На сцене под громадным портретом Ленина был установлен длинный стол, за которым восседали почетные гости – руководители Всесоюзной коммунистической партии большевиков. На трибуне товарищ Баблоян с умилением в голосе зачитывал пожелания трудящихся к годовщине Октября:
– Мы, рабочие Электрозавода, надеемся, что вскоре по всей Европе пройдет волна пролетарских революций, и двадцатилетие Октября будет праздновать не только наша страна, но целый Европейский Союз Советских Социалистических Республик.
Магда, Клим и Оуэн сидели в ложе для иностранцев и разглядывали партер в театральные бинокли.
– Целое море партийных чинов! – прошептала Магда, показывая на публику, наряженную во френчи и гимнастерки.
– Не море, а болото, – отозвался Клим. – Цвет-то – болотный.
Магда покосилась на его смокинг и накрахмаленную сорочку.
– На себя посмотрите, мистер Черное-и-Белое.
На трибуну поднялся председатель Госплана Кржижановский:
– В течение ближайших пяти лет мы непременно победим безработицу и преодолеем все экономические трудности. Зарплата рабочих вырастет на шестьдесят шесть процентов. Трудящиеся будут есть на двадцать семь процентов больше мяса, яиц – на семьдесят два процента, и на пятьдесят пять процентов больше молочных продуктов.

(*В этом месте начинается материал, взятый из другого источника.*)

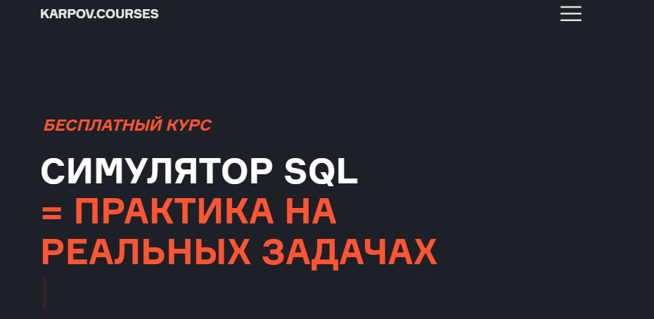 Практический курс, направленный на освоение SQL — одного из ключевых инструментов аналитиков. Обучение построено вокруг задач, которые имитируют работу с реальными базами данных. Тренажер часто используют как дополнение к основному обучению, чтобы получить прикладной технический навык.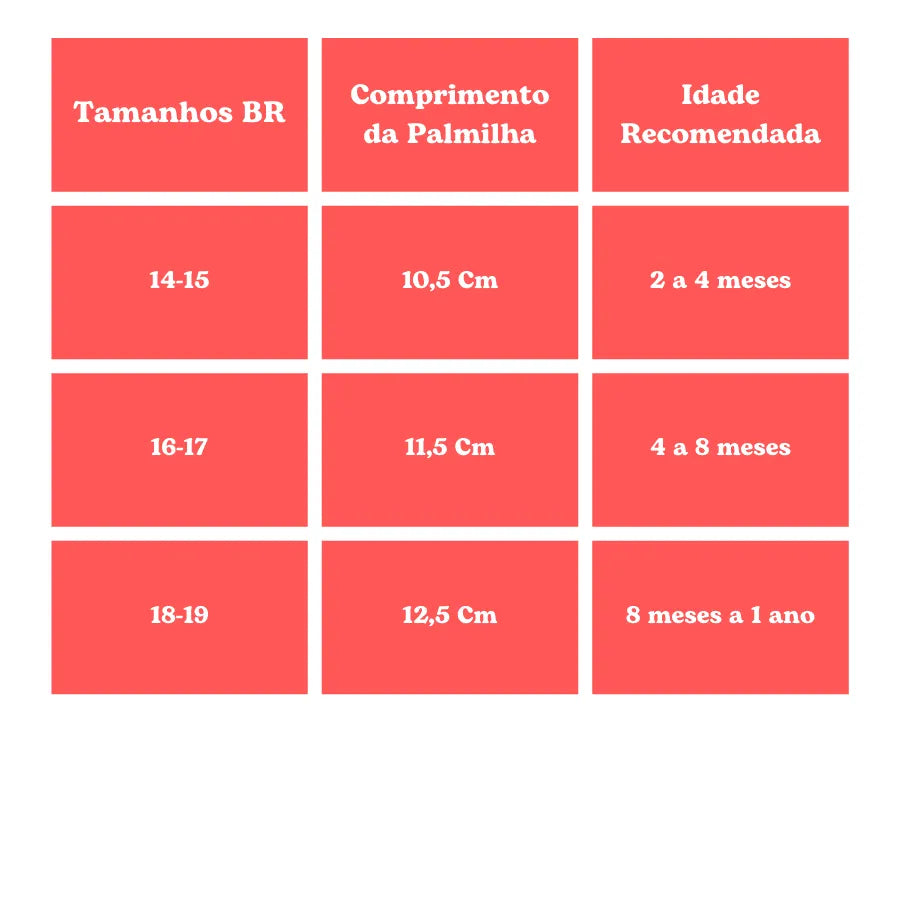 O tamanho padrão pode variar de acordo com a marca. Por esse motivo, recomendamos que você faça a medição do pezinho do bebê conforme as instruções e compre de acordo com o tamanho da palmilha para evitar problemas de trocas e devoluções.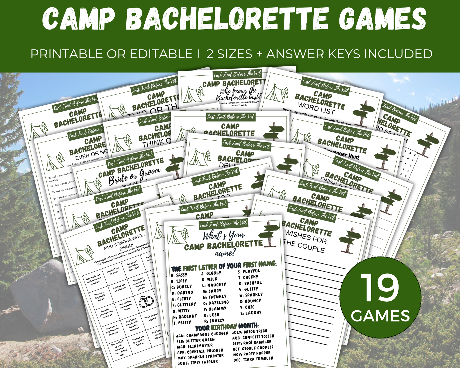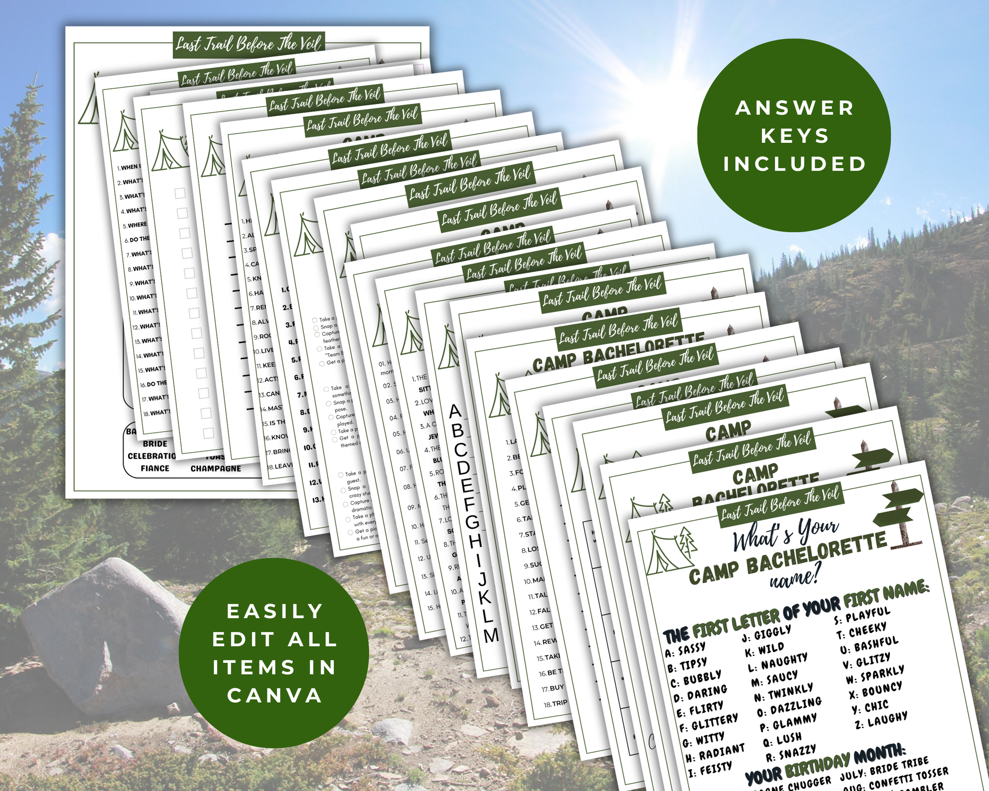➤ Camp Bachelorette Games - Editable in Canva template link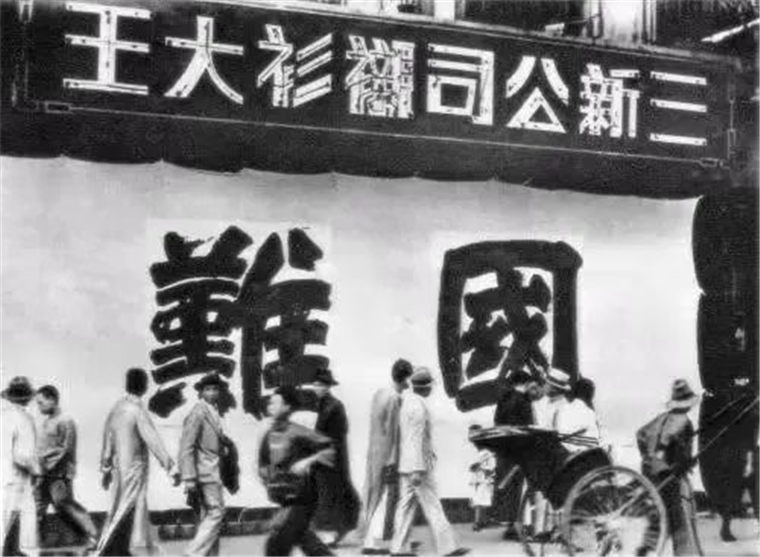 “九一八”事变后,上海街头的抗日标语。资料图

Аплодисменты грохали так, будто кто-то нажимал невидимую кнопку.
Клим переводил Оуэну слова оратора.
– Интересно, откуда большевики возьмут эти проценты? – в недоумении спросил тот.
– Их цель – не результат, а ритуал, – сказал Клим. – Мы с вами присутствуем на проповеди. Помните Откровение Иоанна Богослова? «И отрет Бог всякую слезу с очей их, и смерти не будет уже; ни плача, ни вопля, ни болезни уже не будет, ибо прежнее прошло».
Оуэн кивнул:
– Ну да, ну да…
– Большевики начинали как материалисты, но их теории оказались ошибочными, и они незаметно для себя превратились в секту, которая «верит, ибо абсурдно». Они взяли старое доброе учение о конце света и поменяли в нем имена и названия. Мировая революция у них – апокалипсис; Маркс и Энгельс – это древние пророки, Ленин – Спаситель, отдавший жизнь за народ, а Сталин – это верховный жрец. Те, кто уверуют во все это – спасутся, а кто не уверует – тех придется покарать, как еретиков.
Оуэн опустил бинокль.
– По-вашему Советская Россия увлеклась новым видом христианского сектантства?
– Это естественная реакция общества на смену эпох, – проговорил Клим. – В такие времена людям хочется опираться на привычные догмы и в то же время – все изменить. А еще нужен вождь, который обладает тайной силой и никогда не ошибается: с ним не так страшно идти в светлое будущее. Классическая картина «реформации» – поиск нового пути в условиях, когда население не особо грамотное и верующее не в науку, а в сладкие обещания и чертей.